Soul of the Citizen: Prayers For A Divided Nation
by Mischa Field
Genre: Christian Nonfiction
Crisis
times call for leadership.
Corrupt
times call for integrity.
These
times call for a move of God, and a move of God calls for you.
Soul
of the Citizen: Prayers for a Divided Nation, by Mischa Field, is the
cry of a burdened heart refusing to give up on neighbor or
neighborhood or nation. It is a collection of prayers for leaders and
followers, for parents and children, for shepherds and flocks, and
for you and your enemy.
A
biblical scribe for modern times, Field offers the reader a word of
hope and a call to action. This book is for anyone looking to do
justice, love mercy, and walk humbly with God in a time drowning in
accusation and ambiguity.
If
you long to protect your peace in times of conflict, this book is for
you.
If
you long to live ethically and authentically in times of struggle,
this book is for you.
If
you are moved to pray that God would do a new thing in the life of
this nation, this book is for you.
1.
A Prayer for the Soul of the Nation
May we spend more time in prayer than in rage. May we spend more time in meditation than consuming the news. May we trust you with every outcome. Lord, we need your help.
Father, I thank you for clear priorities. May we be clear in putting God over money.
Jesus was. He said: You cannot serve both God and money (Matthew 6:24 NIV). Forgive us for desperately trying.
Forgive us for attempting to twist your words to sanctify our greed. This is exactly what you warned us against.
May we be clear in putting the public good before our personal progress. May we protect the individual’s rights without exalting individual wants.
We see leadership failure throughout the world. May we, in this moment, demonstrate servant leadership by being the church. May we serve, love, intercede, advocate and protect, instead of reveling in justified selfishness, whether for profits or our tribalized interpretations of justice.
As Emma Lazarus said, “Until we are all free, we are none of us free.”
May we never detach from the moment. May we never harden our hearts to the cries of the people. May we repent of our selfishness today.
We will face many tough decisions in the days ahead. May love drive all of them. Not fear. Not finance.
May our love for you and your people empower us to hear from you and to make decisions that will please you. May our motives be unimpeachable. May our focus be perfect. May our agenda be yours.
Crisis reveals character. As much as anything, this pandemic has exposed our selfishness. We have infected each other—because my bills were more real than your health, because my lifestyle was more important than your safety, because my recreation was more important than your survival.
And Father, right now, I lift up this nation, and I lift up your people within it as we endure a crisis perhaps like none we’ve ever seen.
I lift up our elders. I pray for their safety. I pray for their peace. May this storm pass over them, Father. May they not find themselves subject to calls to sacrifice their lives for someone else’s bottom line.
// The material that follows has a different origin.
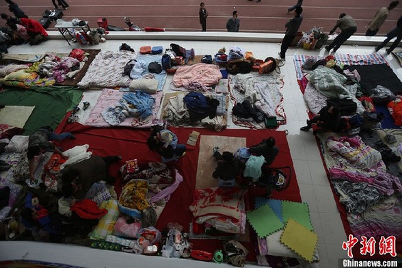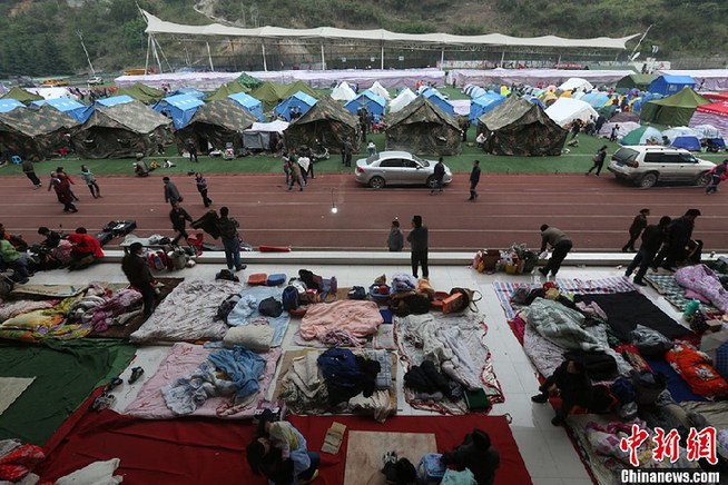 寶興縣中學操場成為寶興縣最大的災民安置點,災民們在操場看臺等地暫時安家。許云峰 攝

I lift up people who have lost their jobs, and may find themselves needing the love of a neighbor that isn’t presently there.
I pray for society today. I pray for the part of us that is increasingly harsh, increasingly callous to the suffering of others. I mourn the death of empathy. May we repent for participating in the hardening of our hearts.
Forgive us for any person of conscience who has decided if the enemy lacks principles, we should follow suit. Forgive us for letting scoundrels dictate the terms of engagement. Forgive us for practicing situational ethics. Forgive us for being satisfied with the standard of what someone else can prove rather than what we know we did. There is such a thing as honor.
We should be trustworthy to call our own fouls. We are not. Forgive us for needing a referee in our relationships. We should be able to engage in conflict resolution, arbitration, and compromise. We have, however, become so adept at lying to ourselves that we are all convinced of our own righteousness, alternately baffled and enraged that anyone would think differently than we do.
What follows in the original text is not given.